All Tari has ever wanted is to become a librarian of the Archive of Ink and Soul. She has the drive and the ability to make that dream come true, but also an unwavering love for learning that could guarantee her success through an exhausting four-year apprenticeship.

One archaic law is all that stands in her way.

Tari is not a natural-born citizen of the magical world she lives in, and to most, that would be enough to keep her from dedicating her life to the Archive. But after years of preparation and deception, Tari has everything she needs to make her dreams a reality, including an acceptance letter welcoming her as an apprentice librarian.

Tari has a plan.

Enter the world of the After, where book characters from our world go once their stories are over, as one young librarian risks her future for a chance at happiness.

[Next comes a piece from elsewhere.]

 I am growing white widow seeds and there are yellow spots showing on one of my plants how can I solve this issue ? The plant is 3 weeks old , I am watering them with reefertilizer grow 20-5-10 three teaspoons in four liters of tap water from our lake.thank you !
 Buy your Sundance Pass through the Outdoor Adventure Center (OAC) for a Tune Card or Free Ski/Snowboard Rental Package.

To make it through her apprenticeship, Tari must keep her true identity a secret by not only lying to those she loves, but betraying the very thing she has sworn to protect.

If you’re looking for a REALLY QUICK read then this book will fit your needs perfectly because it’s roughly 125 pages so you’ll get it done while waiting at your next doctor appointment. The term ‘fast paced’ was made for novels like this as you’ll be racing through time in the character’s world so quickly you’ll risk whiplash going through the twists and turns of the story.

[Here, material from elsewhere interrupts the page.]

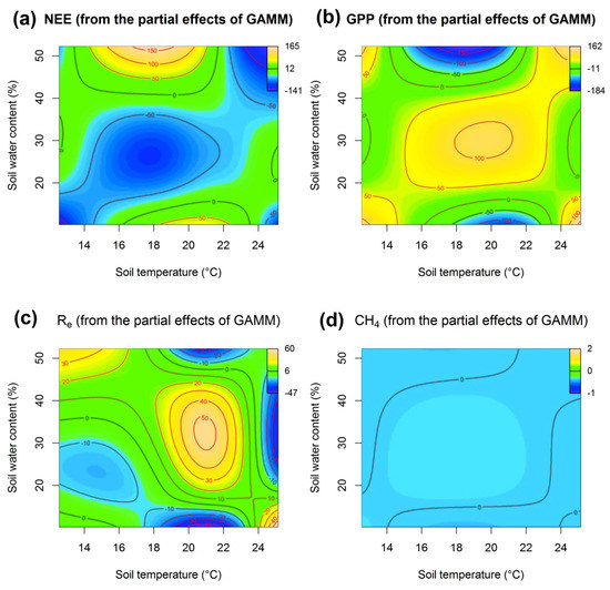 To test whether the drought effects on carbon budgets can be explained by changes in the microenvironment, the interaction between soil temperature and soil water content on NEE, GPP, Re and CH4 fluxes was also analyzed using generalized additive regression models with soil temperature and soil water content as smooth terms. In general, the strength of CO2 sink was low when soils were dry (soil water content below 15%) and wet (soil water content above 40%), and high when soil temperature and soil water content ranged from 14–22 °C and 20–40%, respectively (Figure 8a,b). Drought-induced soil water stress weakened the carbon sink capacity of the ecosystem, but within a certain range of soil temperature. Furthermore, the emission of CO2 was highest when soil temperature and soil water content ranged from 18–22 °C and 20–40%, respectively (Figure 8c). Additionally, when extreme drought led to soil water stress, the source and sink functions of CH4 for the ecosystem will change with the fluctuation of soil temperature. The function of CH4 source in ecosystem was stronger when the soil water content ranged from 20% to 40% and the soil temperature ranged from 15–21 °C (Figure 8d). These results also revealed an interactive effect of soil temperature and soil water content on the carbon dynamics to some extent, especially under drought stress.

 It’s only the first in a new series so it’s not written to give you a full view of the characters, their motives, psyche or provide some big moment where you’ll connect. Instead it feels it was meant to just whet your appetite, give you a small taste of what is to come particularly so you’ll be willing to check out the much larger world she’s building; go to her website and sign up for her newsletter to stay informed and check out the first book in the companion series for a larger view.

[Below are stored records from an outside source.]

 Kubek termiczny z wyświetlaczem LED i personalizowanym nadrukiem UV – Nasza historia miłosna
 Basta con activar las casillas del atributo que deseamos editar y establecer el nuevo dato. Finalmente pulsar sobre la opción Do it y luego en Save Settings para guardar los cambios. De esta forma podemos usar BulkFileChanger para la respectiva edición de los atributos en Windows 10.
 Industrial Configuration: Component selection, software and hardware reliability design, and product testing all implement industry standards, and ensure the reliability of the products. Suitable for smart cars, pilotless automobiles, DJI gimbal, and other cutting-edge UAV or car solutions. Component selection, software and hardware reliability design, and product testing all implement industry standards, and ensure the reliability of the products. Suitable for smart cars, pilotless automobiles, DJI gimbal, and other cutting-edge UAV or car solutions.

 She has an interesting concept, it reminds me a bit of something Marissa Burt did years ago with her two book series where you get to follow what happens to the characters outside of what we as readers see on the pages of a book. It was nice to see librarians painted as something other than little old ladies out of touch with the world, no offense to little old lady librarians intended by the way. So it kind of had this flair I’ve seen before in the TNT show The Librarians who are portrayed more Indiana Jones like which is probably why I was drawn to checking this story out.

 As a fantasy novel, in case you didn’t get that from the synopsis that used the word ‘magic’ in it, your idea of realism will have to be suspended as you slowly learn what the rules for this world are and it’s going to take a while to get a full grasp on what those are because, if you remember from what I said earlier, the author didn’t fully develop all of her world or the characters in this book. This is one of those times where you’re going to be in for the long haul and will need to withhold final judgement until more of the books are released.

 Patricia Thomas seems to be trying to do something big here and this book is only giving you one tiny piece of it. If you’re part of the Netflix binge generation then you may need to wait until more of the series is out or you’re going to feel frustrated and might react negatively to this right now whereas if you have more at your disposal your view would change.

 I did like that it’s in first person so you get more of a feel for what the main character, Tari, is going through. She seems to have this innate need to protect those around her from busting out her first aid knowledge to hiding poor decisions and questionable behavior done under the influence of alcohol to minimize the damage that could come from judgmental authority figures.

 As she’s constantly trying to maintain a façade and hide her past her psychological development wavers and changes depending upon who she is with which is an accurate reflection of someone who is trying to be liked while maintaining a lie to those who she’s come to care about. I felt Thomas did a good job showing the war Tari’s personality and psychological development is having with itself as she has to hide the experiences she’s accumulated lest she’s found out.

 I plan on reading the other book she’s written in the companion series and follow her work so I can see where she’s going to take this series as my curiosity has been piqued.

 Thank you to Netgalley and Patricia Thomas for allowing me to review this book.